Nikolay Samusik*, Yannis Kalaidzidis and Marino Zerial

  • * Corresponding author: Nikolay Samusik

Author Affiliations

Max-Plank Institute of Cell Biology and Genetics, Dresden, Germany

For all author emails, please log on.

BMC Bioinformatics 2009, 10(Suppl 13):P3  doi:10.1186/1471-2105-10-S13-P3

The electronic version of this article is the complete one and can be found online at:

Published:19 October 2009

© 2009 Samusik et al; licensee BioMed Central Ltd.

Poster presentation

The functional characterization of the molecular components of biological systems is an outstanding task in the post-genomic era and is often addressed by gene knockdown screening which quantifies phenotypes in the form of multiparametric profiles. The identification of sets of genes producing similar phenotypic effects is fulfilled by the clustering of profiles. Here we address the question of how to quantify the biological significance of clusters of phenotypic profiles with respect to protein-protein interaction (PPI) data.

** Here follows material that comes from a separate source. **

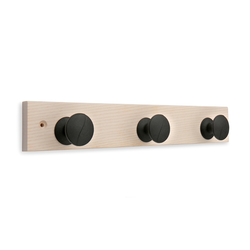 Colgador múltiple ONA con base de madera y 3 pomos de metal.

The dataset we used contains 20385 gene knockdown phenotypic profiles resulting from the genome-wide image-based multiparametric siRNA screen on endocytosis in HeLa cells, which has been carried out on in our lab. Each profile is produced from images of cells in a specific gene knockdown condition, and comprises a 40-dimensional vector of phenotypic parameters, which describe the distribution of endosomes labeled by fluorescent cargo. The profiles capture the morphological changes in the endocytic system resulting from different gene knockdowns. The dataset has been pre-filtered, discarding profiles showing weak effects.

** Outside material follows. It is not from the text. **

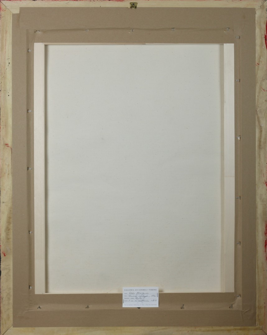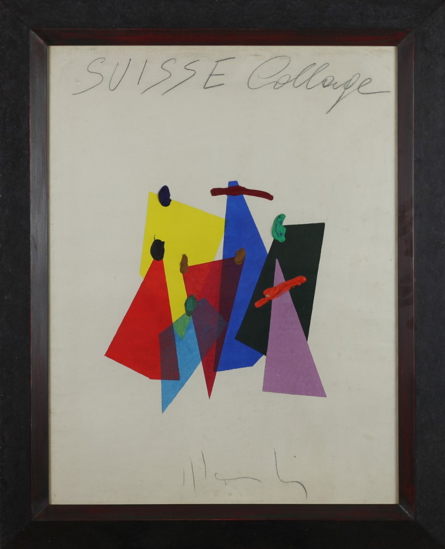 Aldo Mondino (Torino 1938 - Torino 2005) Suisse collage 1974 Dim.75x55 Tecnica mista su cartoncino rimesso su tela Opera in fase di archiviazione Titolo in alto Firmato in basso al centro

Protein-protein interaction data was taken from EMBL STRING database [1]. We demonstrated that the interacting proteins are 17% more likely to produce a correlated phenotype in the siRNA screen than non-interacting proteins. Based on this observation, we developed a method for the cross-validation of the clustering of phenotypic profiles using PPI data. The relevance of a cluster with respect to PPI is measured by the ratio of the number of interactions between genes in the cluster to the total number of interactions of these genes, and by the average size of a fully connected PPI module in the cluster. The significance of these values for a cluster of a size N is assessed by bootstrapping, using sets of N nearest neighbors of random phenotypic profiles, and the p-value combines both measures.

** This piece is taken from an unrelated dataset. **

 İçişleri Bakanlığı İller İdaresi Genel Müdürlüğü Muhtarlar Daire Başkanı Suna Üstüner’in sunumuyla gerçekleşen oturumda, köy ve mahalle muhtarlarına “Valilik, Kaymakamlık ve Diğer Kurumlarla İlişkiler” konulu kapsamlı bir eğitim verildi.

We have applied this method to the results of clustering of the phenotypic profiles by means of a modified version of the "quick shift" [2] density-based clustering algorithm equipped with k-nearest neighbor (kNN) adaptive [3] von Mises-Fisher kernel for density estimate. The proposed measure shows significant p-value for the majority of the clusters. The p-value is sensitive to the artificial deterioration of cluster quality by addition of adjacent datapoints or removal of those on the border, and thus must allow optimization of clustering parameters.

To demonstrate that, we have created a method for the tree-cutting in hierarchical clustering which maximizes the significance of resulting clusters with respect to the measure we developed.


  1. Jensen LJ, Kuhn M, Stark M, Chaffron S, Creevey C, Muller J, Doerks T, Julien P, Roth A, Simonovic M, Bork P, von Mering C: STRING 8 – a global view on proteins and their functional interactions in 630 organisms.

    Nucleic Acids Res 2009, (37 Database):D412-416.

    Epub 2008 Oct 21.

    PubMed Abstract | Publisher Full Text | PubMed Central Full Text OpenURL

  2. Vedaldi A, Soatto S: Quick Shift and Kernel Methods for Mode Seeking.

    Proceedings of the European Conference on Computer Vision 2008, 5305:705-718. OpenURL

  3. Georgescu B, Shimshoni I, Meer P: Mean shift based clustering in high dimensions: a texture classification example.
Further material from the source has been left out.